Mit seinem Urteil vom
03.04.2008 stellt der EuGH laut der Pressemitteilung Nr. 20/08 vom gleichen
Tage im Ergebnis fest: „Ein Lohnsatz, der in einem nicht für allgemein
verbindlich erklärten Tarifvertrag in einem Mitgliedsstaat, in dem es ein
entsprechendes System gibt, festgelegt worden ist, darf Erbringern
staatenübergreifender Dienstleistungen, die Arbeitnehmer in das Hoheitsgebiet
dieses Mitgliedsstaates entsenden, nicht durch eine auf die Vergabe
öffentlicher Aufträge anwendbare gesetzliche Maßnahme vorgeschrieben werden.“
Damit zielt der EuGH letztlich
darauf ab, dass hinsichtlich der Löhne bei der staatenübergreifenden Erbringung
von Leistungen nur solche Bedingungen zu garantieren sind, die durch
allgemeinverbindliche Tarifverträge festgelegt sind. Allgemeinverbindliche
Tarifverträge liegen vor, wenn sich die Bindungswirkung auf alle in den
geografischen Bereich des Tarifvertrags fallende Leistungen erstreckt. Sofern,
wie bei dem der Beurteilung des EuGH zugrunde liegenden Landesvergabegesetzes
des Landes Niedersachsen, eine Bindung nur für öffentliche Auftraggeber, nicht
aber im Bereich der privaten Auftraggeber besteht, ist diese
Allgemeinverbindlichkeit zu verneinen.
Obwohl also mit dem
niedersächsischen Landesvergabegesetz – wie im Übrigen auch mit dem Hessischen
Gesetz über die Vergabe öffentlicher Aufträge (Hessisches Vergabegesetz – HVgG)

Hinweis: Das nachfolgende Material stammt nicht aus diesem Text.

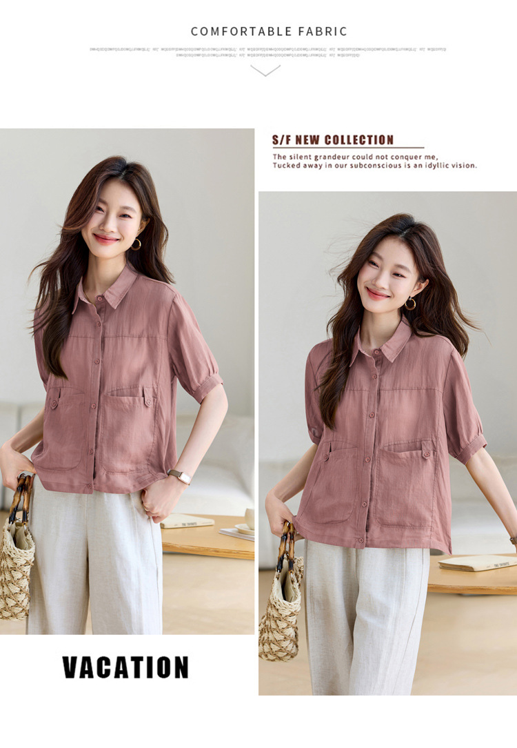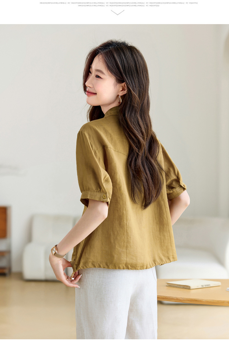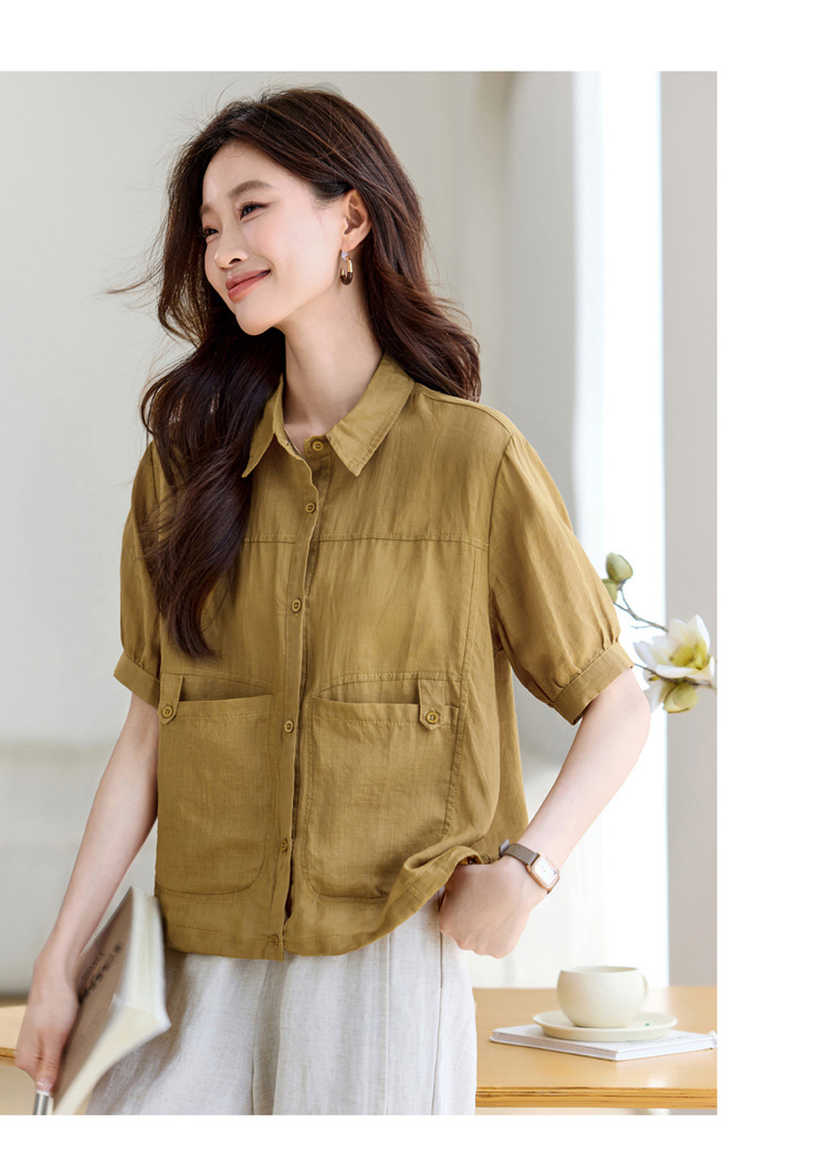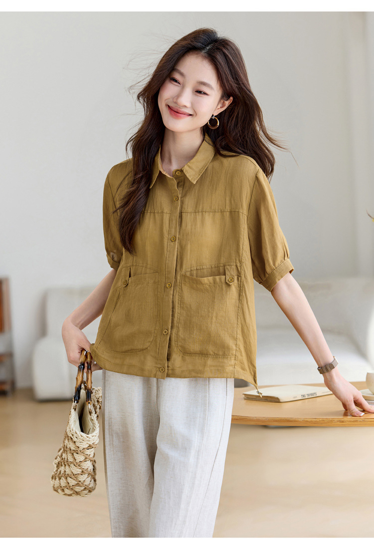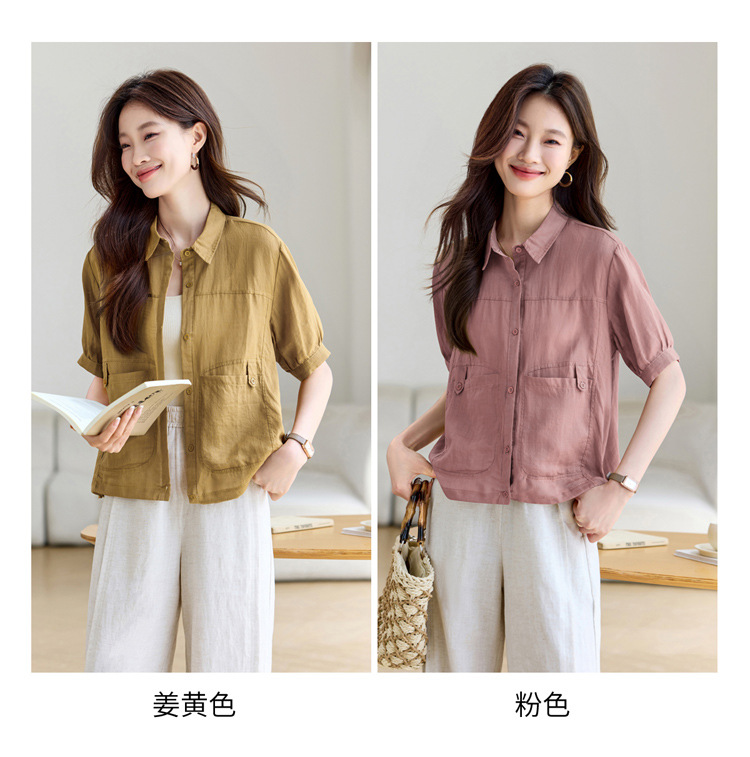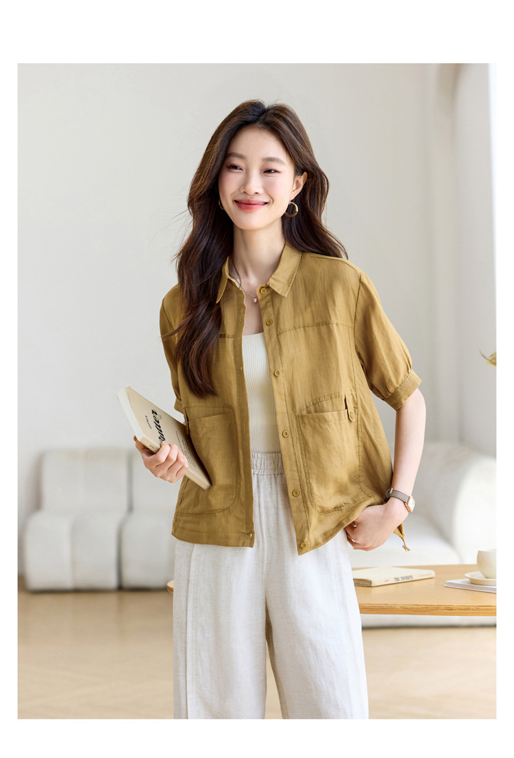 HR MUZL88060宽松麻料翻领衬衣时尚上衣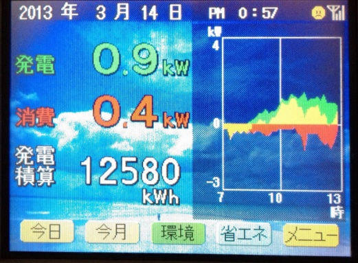 2009年6月から売電がスタート、特にトラブルもなく、現在は3年7ヶ月で発電量累計12,580kWh、売電量累計7,699kWh、約36万円の収入を得た事になります。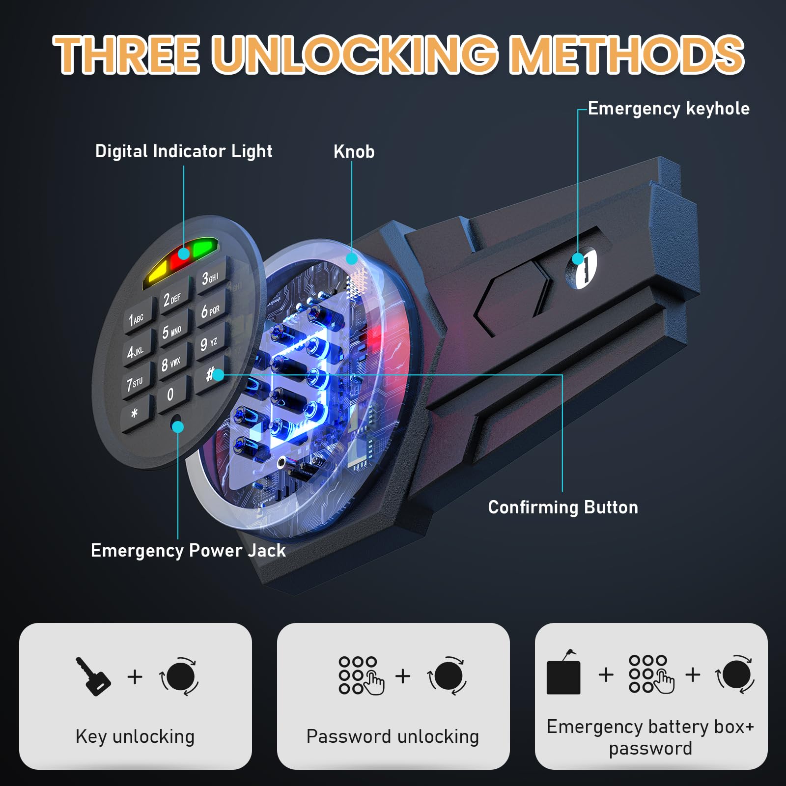- š„ANTI-THEFT LOCKING SYSTEM: If you enter incorrect code for 3 consecutive times, the system will be locked, the keypad would be disabled to prevent all illegal entry. At this time, only the emergency key can be used to open the safe.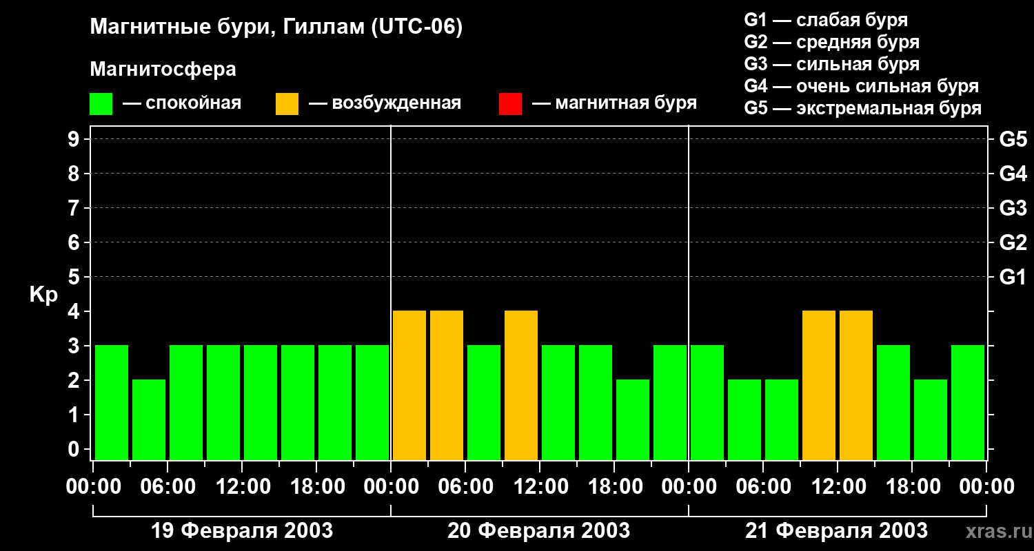 Магнитные бури в Гилламе — 21 февраля 2003 года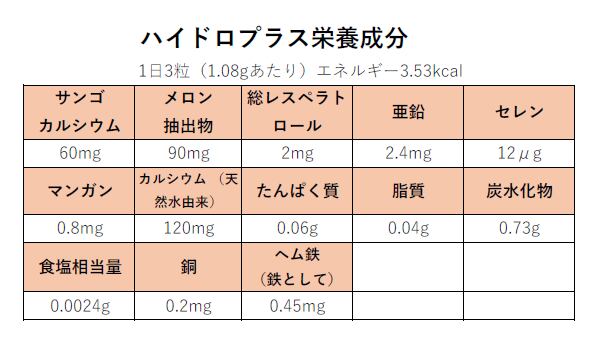 デンプン(国内製造)、カルシウム(天然水由来)、デンプン分解物、亜鉛酵母、食用精製加工油脂、銅酵母、マンガン酵母、ブドウ(新芽・若つる由来)エキス末、セレン酵母、小麦グリアジン、中鎖脂肪酸油、メロン濃縮物/ヒドロキシプロピルメチルセルロース、サンゴカルシウム、ヘム鉄、微粒二酸化ケイ素、ステアリン酸カルシウム、ゼイン

vom 17.12.2007 - der Maßgabe des § 97 (4) GWB („Aufträge werden an fachkundige,
leistungsfähige und zuverlässige Unternehmen vergeben; andere oder
weitergehende Anforderungen dürfen an Auftragnehmer nur gestellt werden, wenn
dies durch Bundes- oder Landesgesetz vorgesehen ist.“) Rechnung getragen wurde,
erkennt der EuGH durch die in diesen Gesetzen festgeschriebene Bindung an die
am Ort der Erbringung der Leistung geltenden Tarifverträge eine Einschränkung
des freien Dienstleistungsverkehrs.
Der Kreisausschuss hat
insoweit das Urteil des EuGH zur Kenntnis zu nehmen. Es wird abzuwarten sein,
inwieweit der Gesetzgeber das HVgG einer Anpassung an die Maßgaben des EuGH zuführt.

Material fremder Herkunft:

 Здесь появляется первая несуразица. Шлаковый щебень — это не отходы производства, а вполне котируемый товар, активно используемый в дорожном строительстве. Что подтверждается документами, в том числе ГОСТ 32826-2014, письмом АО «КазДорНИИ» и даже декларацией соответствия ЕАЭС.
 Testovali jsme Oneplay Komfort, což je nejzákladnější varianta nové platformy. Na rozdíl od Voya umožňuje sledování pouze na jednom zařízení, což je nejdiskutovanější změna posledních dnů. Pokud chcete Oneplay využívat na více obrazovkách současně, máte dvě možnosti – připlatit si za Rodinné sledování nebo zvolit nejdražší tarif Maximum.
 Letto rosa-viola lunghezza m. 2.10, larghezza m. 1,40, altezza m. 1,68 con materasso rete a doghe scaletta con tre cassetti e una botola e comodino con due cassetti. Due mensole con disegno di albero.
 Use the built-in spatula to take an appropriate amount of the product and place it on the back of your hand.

Eine Anwendung des HVgG ist
derzeit ohnehin nicht möglich, weil es an einer Bekanntmachung der für das
öffentliche Auftragswesen und das Tarifvertragsrecht zuständigen Ministerien
des Landes Hessen entsprechend HVgG § 2 (2) fehlt. Die nach dem HVgG
anzuwendenden Tarifentgelte wurden noch nicht im Staatsanzeiger für das Land
Hessen veröffentlicht.
- Inwieweit sind aktuelle Ausschreibungen rsp. Vergaben des Kreises hiervon betroffen und ggf. beklagbar?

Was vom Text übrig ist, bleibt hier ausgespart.